Boston: Cengage Learning, 2012.)
No one can understand history without reading and analyzing primary sources. Simply defined, in most
instances, primary sources are historical records produced at the same time the event or period that is
being studied took place or soon thereafter.
Secondary sources- text books, books, articles, television documentaries, and even historical films
produced well after the events they describe and analyze. Secondary sources organize the jumble of
past events into understandable narratives. They provide interpretations, sometimes make
comparisons, and almost always discuss motive and causation. When done well, they provide pleasure
and insight. But such works, no matter how well done, are still secondary in that they are written well
after the fact and derive their evidence and information from primary sources.

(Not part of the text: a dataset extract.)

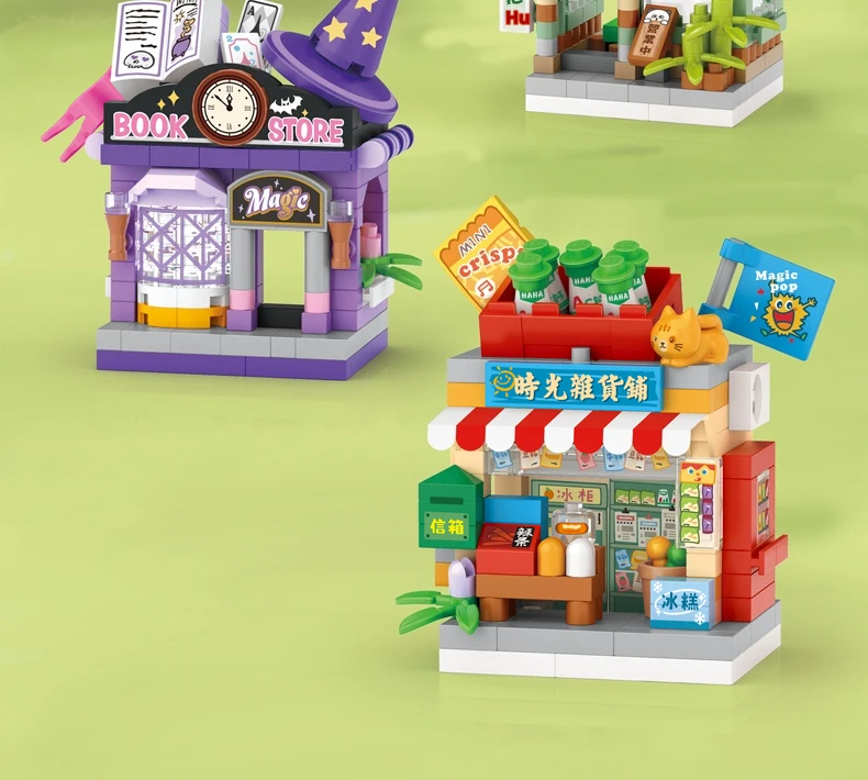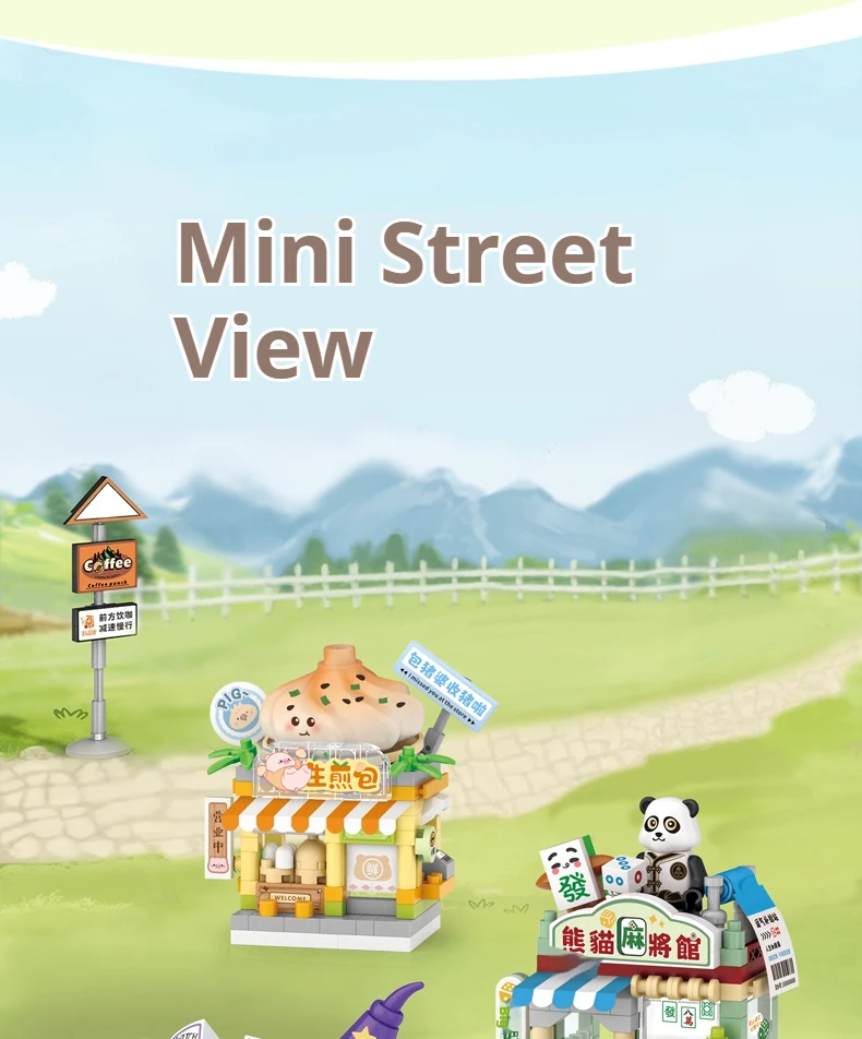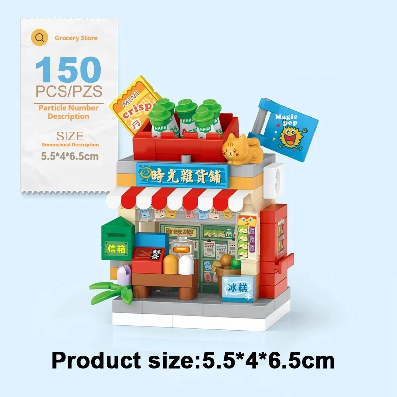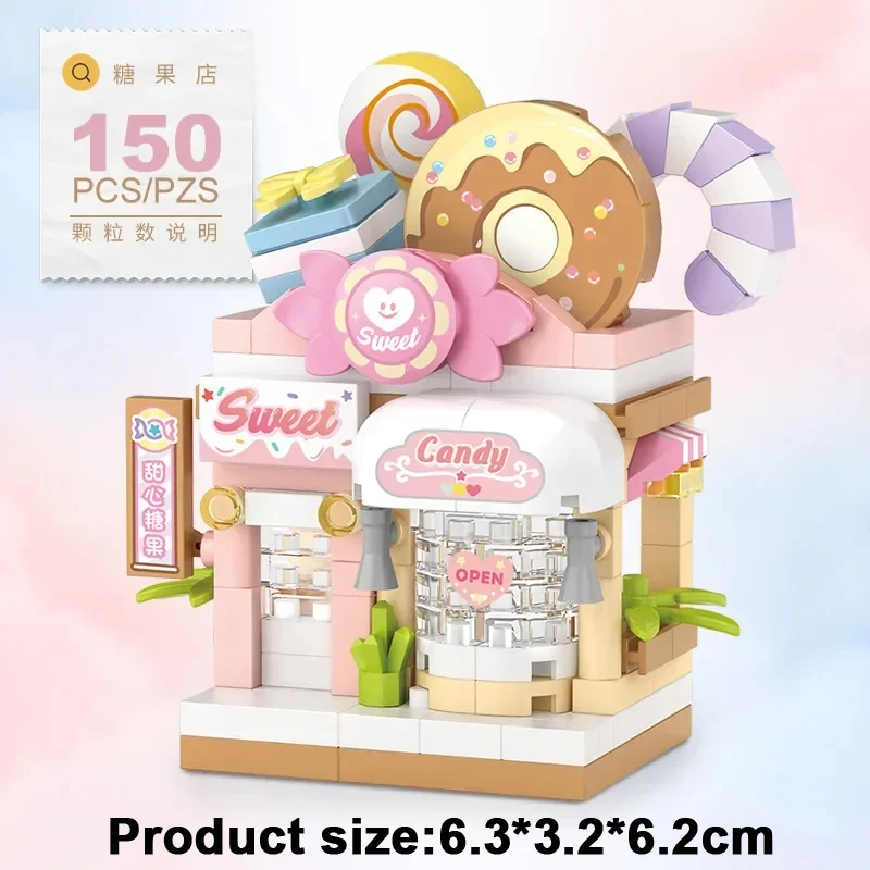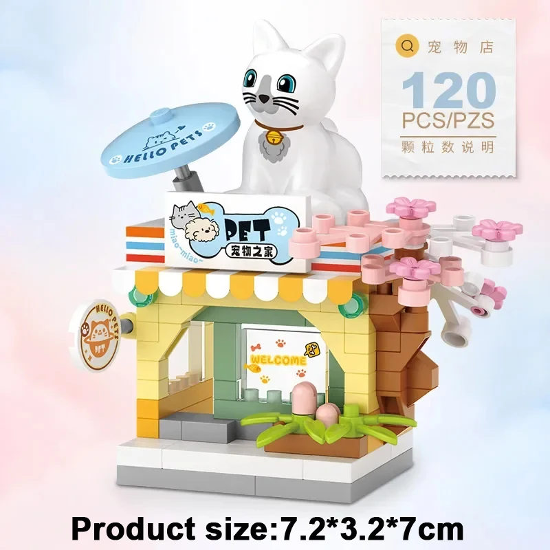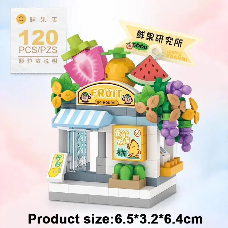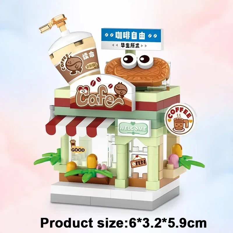 Restaurant Dessert Coffee Pet Fruit Store Street View Food House Building Blocks Kit Girls Bricks Model Kids Toy Boy Child Gifts

To be a historian is to work with primary sources in all their diverse forms: The keys are hard work and
imagination, each is necessary…. Historians need imagination to reconstruct the past. History does not
consist of just irrefutable dates, names, and facts…documents provide factual data- dates, names,
statistics…etc…yet they have no meaning until they have been interpreted.

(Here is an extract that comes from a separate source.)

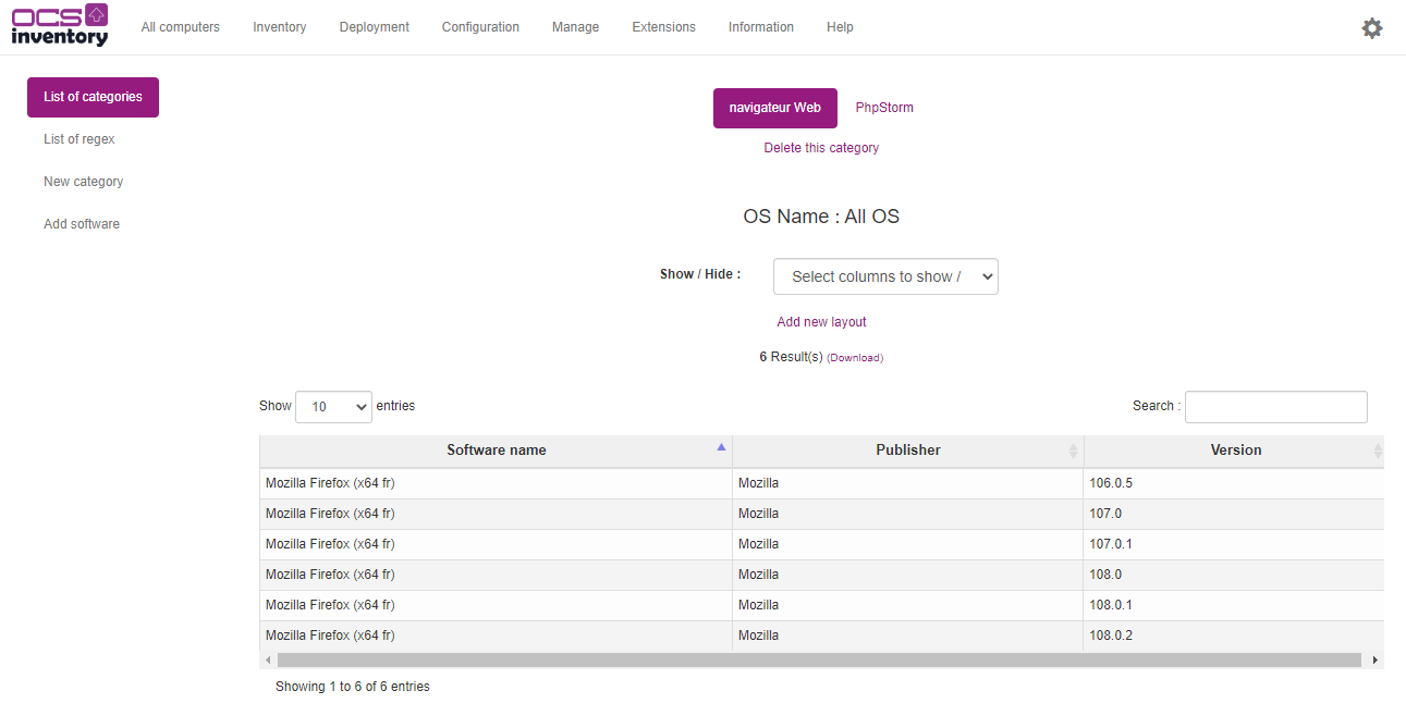 First configure software categories in OCS thanks to Software Category menu below Manage
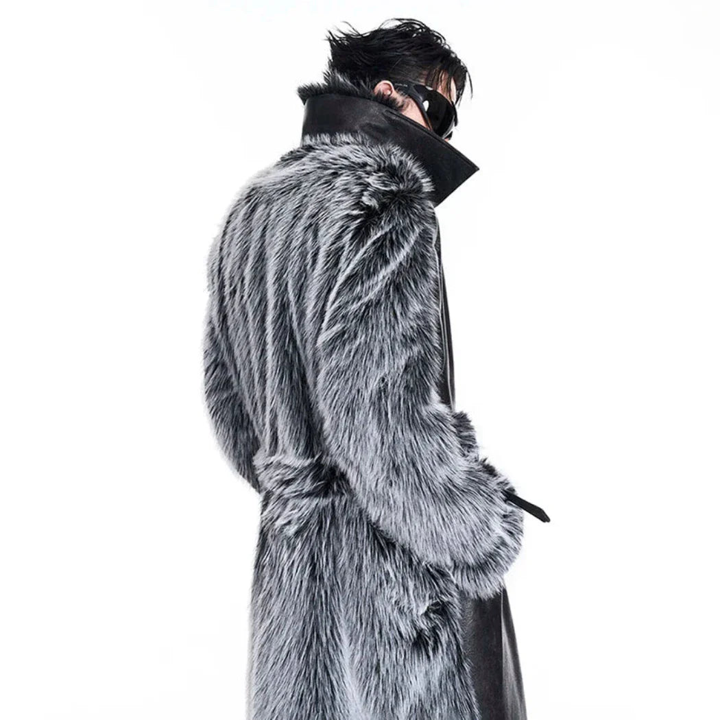 Men's Luxury Faux Leather Fur Extra Long Coat

The Historian as detective…the historian is interested in discovering “what happened, who did it, and
why”… the historian must carefully examine witnesses (testimony of sources) and evaluate the validity
of the source, is it valid, or misleading, from what perspective or interest does the source testify… Even
eyewitness accounts can differ widely… Given this fact the historian must understand the sources
perspective and must ask several key questions….What kind of Document is it? Who wrote it? For
whom and why? Where was it composed and When? Discovering the nature of the source…what kind
of info can you expect to find in it? Can you accept all sources uncritically…they must be tested against
other sources… distance in space and time can influence perceptions and diminish the reliability of the
source.
Often there are no “answers” just more questions… the student historian/detective has to be able to
question…and in doing so begin to create a multi-dimensional view of the past…and realize that the
present and future are as equally multi- dimensional… realizing that any “truth” is relative and sensitive
to the time and place it is constructed.